Mannheim. Die Empörung unter Mannheimer Hausärztinnen und Hausärzten über die Rationierung des Biontech-Impfstoffs ist groß. „Das ist eine Riesenkatastrophe“, sagt eine medizinische Fachangestellte von den Hausärzten am Markt in Neckarau. „Man kann die Zulieferung des Biontech-Impfstoffs nicht einfach drosseln, das ist ein Ding der Unmöglichkeit.“ Die Praxis bietet drei Mal in der Woche Corona-Impfungen an, täglich kommt das Team auf 80 bis 100 Impfungen. „Wenn die Patienten, die bislang Biontech erhalten haben, nun erfahren, dass sie als Booster einen anderen Impfstoff, nämlich Moderna, bekommen sollen, wird die Verärgerung groß sein.“
Für die Ärzte und medizinischen Fachangestellten bedeutet das: noch mehr Gespräche, noch mehr Aufklärung.
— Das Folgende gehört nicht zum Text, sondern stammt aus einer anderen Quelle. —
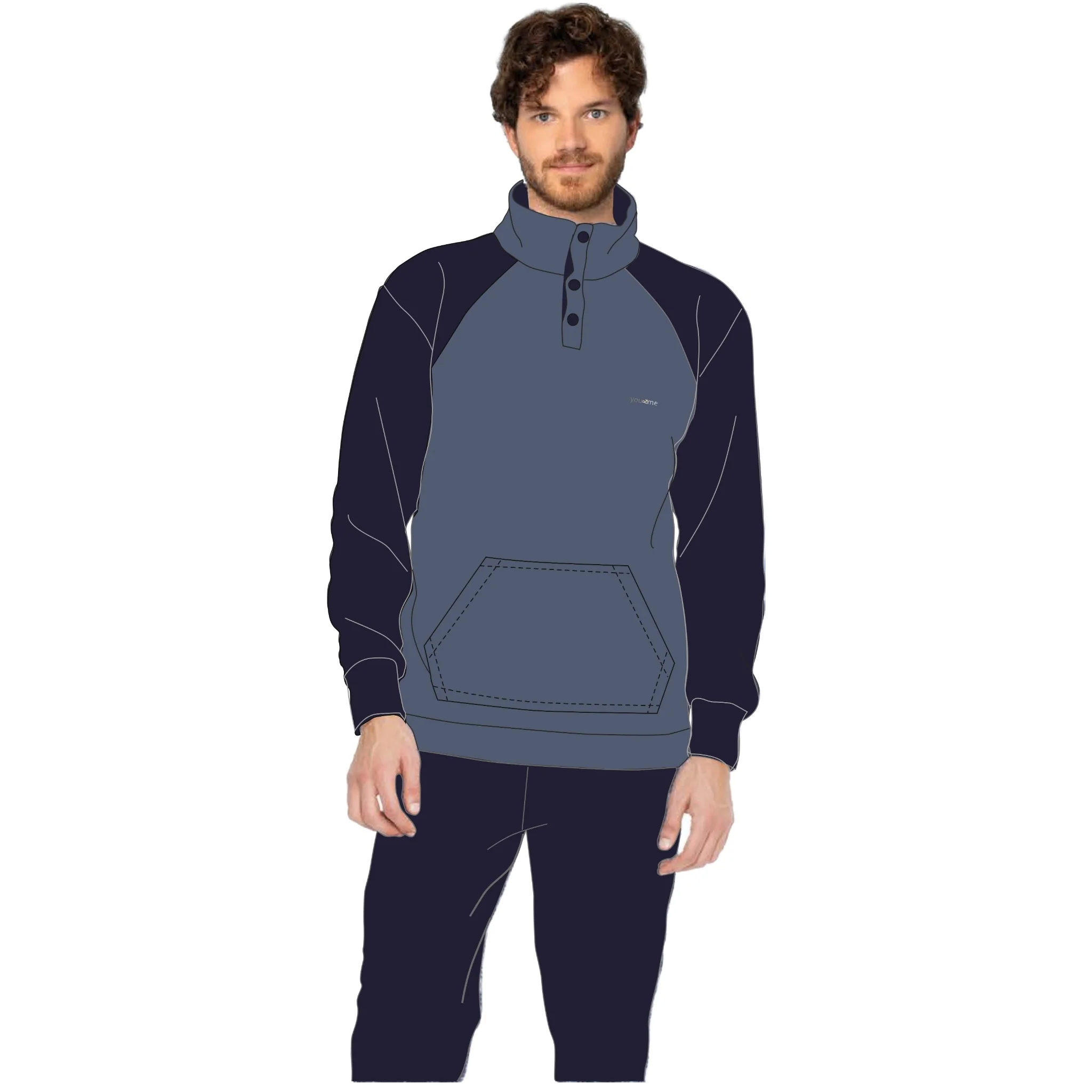 Y&mp597 Pig – -irge Uomo Pile- Pigiama 3 Bottoni Lupetto In Pile Con Marsupio E Ricamo

Darüber, dass Moderna genauso gut und sicher wirkt wie Biontech und dass die Dosen, die Deutschland noch eingelagert hat, Mitte des ersten Quartals 2022 zu verfallen drohen und deshalb nun vermehrt für Booster-Impfungen zum Einsatz kommen sollen. Doch eine Impfkampagne lebt vom Vertrauen. Werden plötzlich Impfstofftypen geändert, sorgt das zwangsläufig für Unruhe. „Eigentlich hatten wir uns nach Engpässen Anfang November gefreut, dass es jetzt mehr Biontech gibt“, seufzt die Sprechstundenhilfe. Nun heißt es wieder: Geduld haben, freundlich sein. „Das ist manchmal schwierig.“
"Wir könnten von morgens bis abends impfen"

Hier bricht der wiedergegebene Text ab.